### ACTIVITY
Skip the pictures and write out, word for word, the lines below from the one with "Déplacement de l’indicateur" through the one with "開場之后,曼城就大舉壓上,開", inclusive.

### RECORDS FOR PROCESSING
☆ ☆ ☆ ☆
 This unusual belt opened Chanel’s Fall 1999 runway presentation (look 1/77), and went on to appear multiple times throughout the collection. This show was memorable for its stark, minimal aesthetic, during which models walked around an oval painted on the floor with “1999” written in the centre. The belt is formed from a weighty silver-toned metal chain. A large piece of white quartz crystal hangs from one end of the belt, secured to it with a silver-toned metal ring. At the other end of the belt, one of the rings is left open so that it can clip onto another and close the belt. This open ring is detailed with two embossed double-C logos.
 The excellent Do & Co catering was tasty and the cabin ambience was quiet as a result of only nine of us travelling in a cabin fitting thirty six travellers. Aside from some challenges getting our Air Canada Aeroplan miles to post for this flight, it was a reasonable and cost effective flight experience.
☆ ☆ ☆ ☆
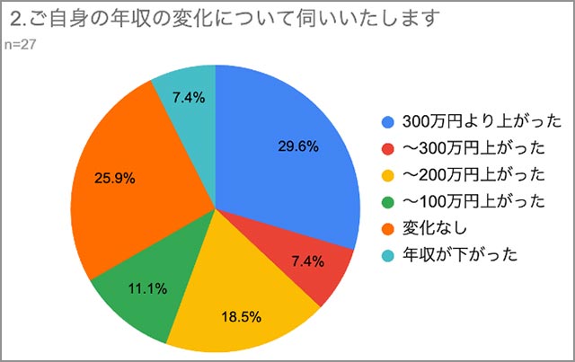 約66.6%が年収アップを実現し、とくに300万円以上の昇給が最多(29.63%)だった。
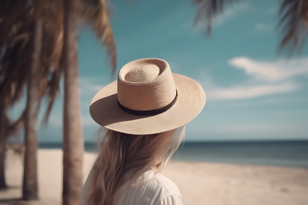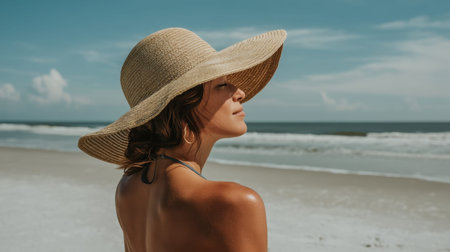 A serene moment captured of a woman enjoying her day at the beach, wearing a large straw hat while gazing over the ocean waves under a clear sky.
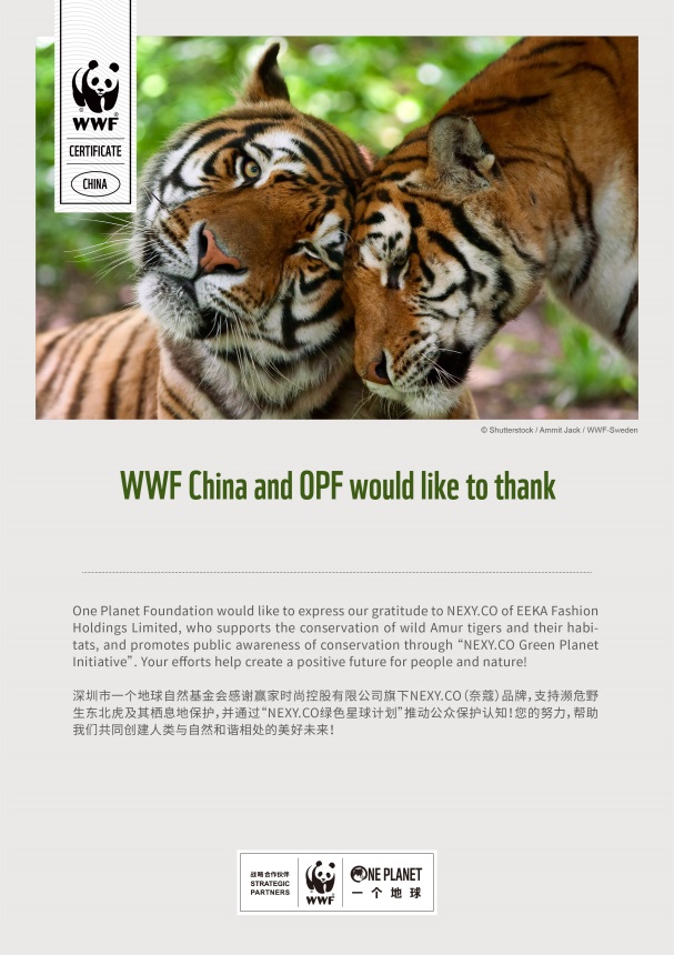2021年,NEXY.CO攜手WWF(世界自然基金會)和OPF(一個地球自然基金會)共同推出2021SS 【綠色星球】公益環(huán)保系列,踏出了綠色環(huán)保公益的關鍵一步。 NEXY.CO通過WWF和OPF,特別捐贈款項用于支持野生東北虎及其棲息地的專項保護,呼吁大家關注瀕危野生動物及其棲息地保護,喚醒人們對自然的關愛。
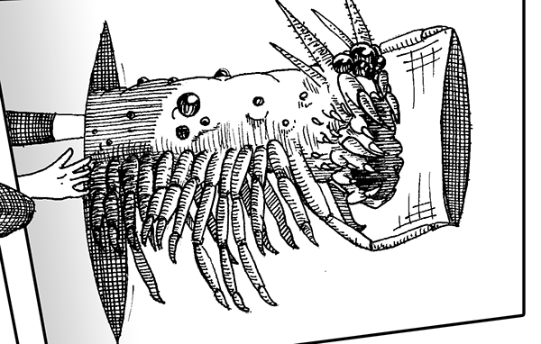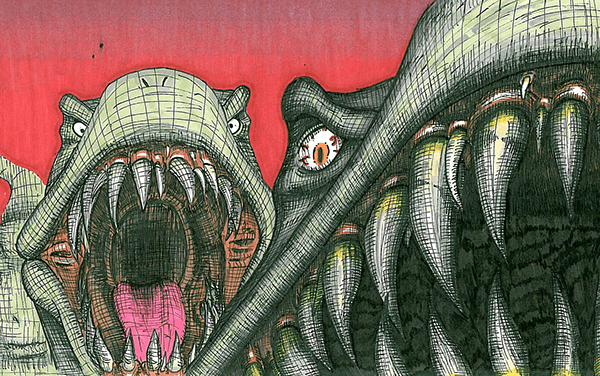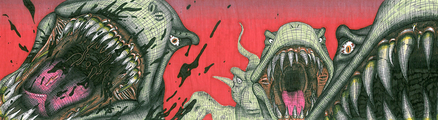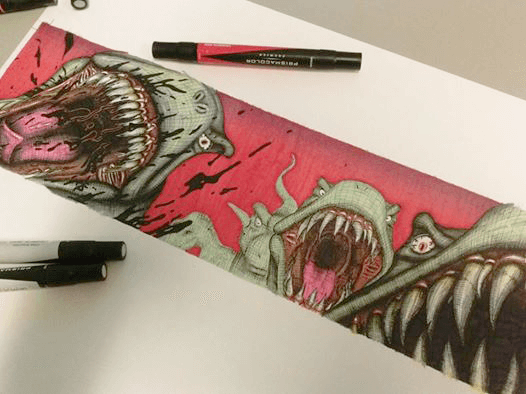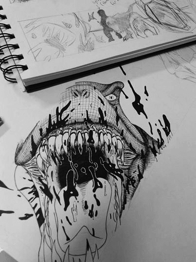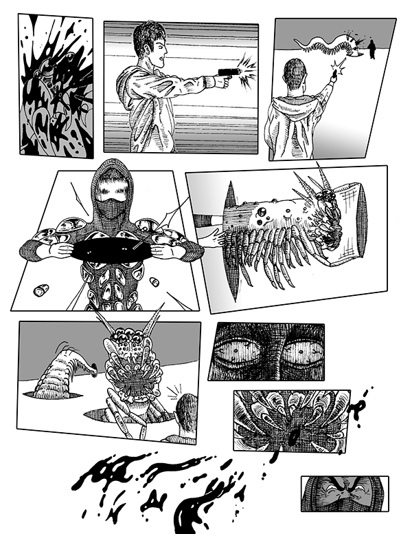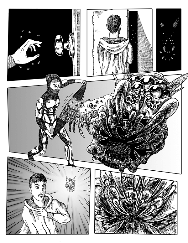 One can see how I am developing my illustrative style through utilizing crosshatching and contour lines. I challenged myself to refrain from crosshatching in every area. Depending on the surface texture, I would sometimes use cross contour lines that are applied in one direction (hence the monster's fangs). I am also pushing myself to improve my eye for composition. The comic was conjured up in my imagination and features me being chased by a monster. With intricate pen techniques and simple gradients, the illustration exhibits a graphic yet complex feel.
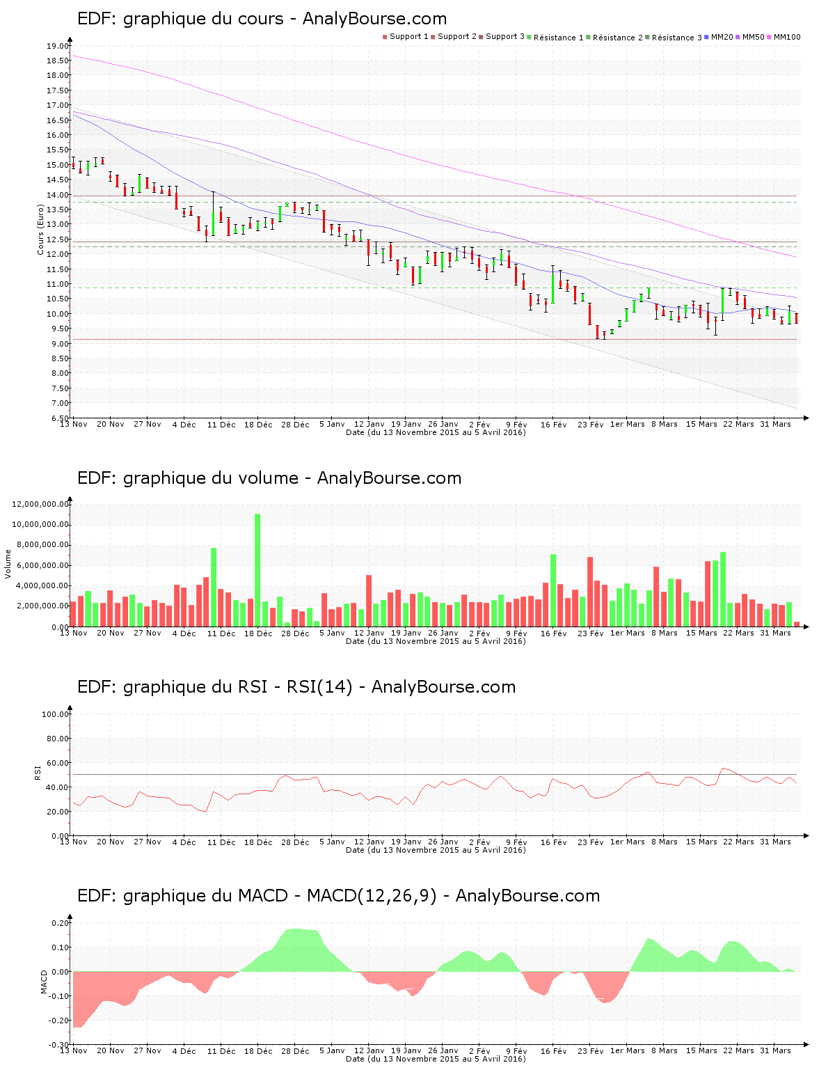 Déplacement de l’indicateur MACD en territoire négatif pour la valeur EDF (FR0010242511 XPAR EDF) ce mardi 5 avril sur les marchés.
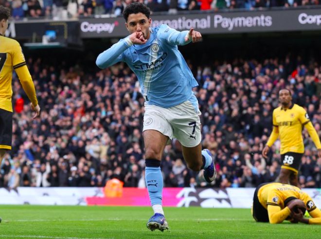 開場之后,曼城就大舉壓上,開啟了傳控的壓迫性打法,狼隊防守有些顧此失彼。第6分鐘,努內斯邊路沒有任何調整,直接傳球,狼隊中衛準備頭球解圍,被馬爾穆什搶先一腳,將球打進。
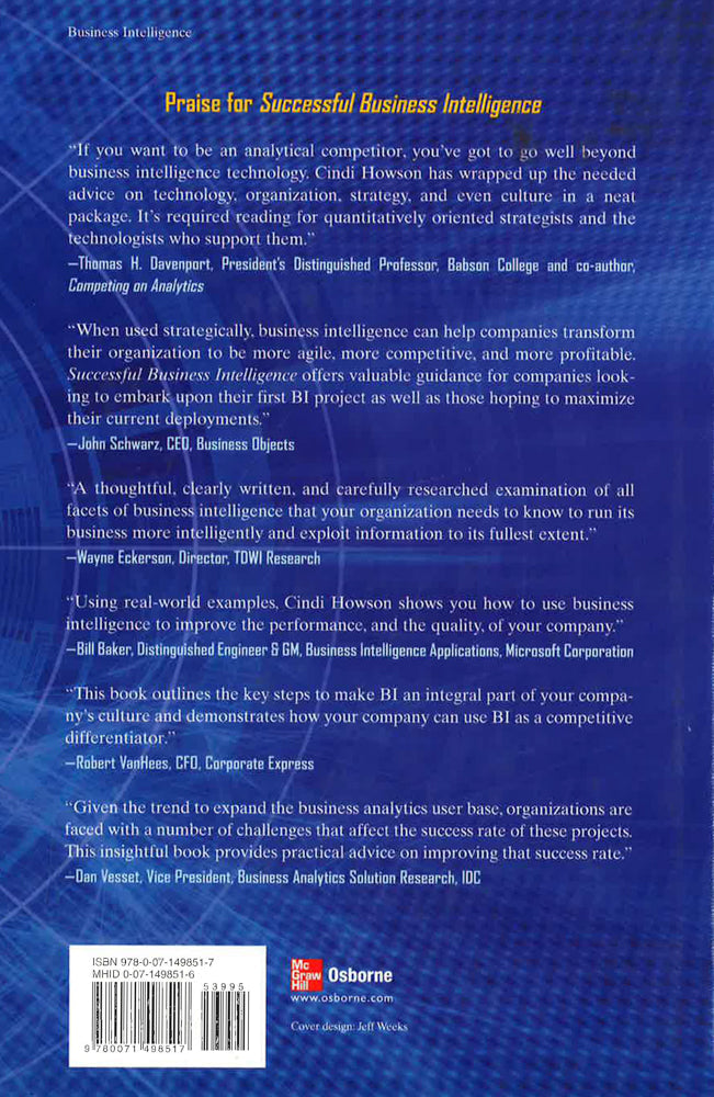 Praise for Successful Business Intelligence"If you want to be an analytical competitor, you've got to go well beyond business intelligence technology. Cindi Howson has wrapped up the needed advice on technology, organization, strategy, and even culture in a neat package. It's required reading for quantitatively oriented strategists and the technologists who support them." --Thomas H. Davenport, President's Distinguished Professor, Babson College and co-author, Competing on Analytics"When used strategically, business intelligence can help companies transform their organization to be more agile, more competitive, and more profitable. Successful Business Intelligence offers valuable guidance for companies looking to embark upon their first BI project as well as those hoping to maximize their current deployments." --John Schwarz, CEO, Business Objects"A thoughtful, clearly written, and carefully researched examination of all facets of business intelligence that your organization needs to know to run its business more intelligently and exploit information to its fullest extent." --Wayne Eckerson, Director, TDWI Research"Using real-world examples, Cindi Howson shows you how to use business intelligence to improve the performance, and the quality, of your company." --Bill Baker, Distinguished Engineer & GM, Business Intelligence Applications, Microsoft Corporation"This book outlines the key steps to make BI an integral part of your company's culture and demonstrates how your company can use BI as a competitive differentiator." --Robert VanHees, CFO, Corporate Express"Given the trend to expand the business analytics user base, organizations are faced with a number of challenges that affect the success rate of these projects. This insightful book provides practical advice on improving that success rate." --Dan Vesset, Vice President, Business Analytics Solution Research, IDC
☆ ☆ ☆ ☆
### RESPONSE BELOW
 Déplacement de l’indicateur MACD en territoire négatif pour la valeur EDF (FR0010242511 XPAR EDF) ce mardi 5 avril sur les marchés.
 開場之后,曼城就大舉壓上,開啟了傳控的壓迫性打法,狼隊防守有些顧此失彼。第6分鐘,努內斯邊路沒有任何調整,直接傳球,狼隊中衛準備頭球解圍,被馬爾穆什搶先一腳,將球打進。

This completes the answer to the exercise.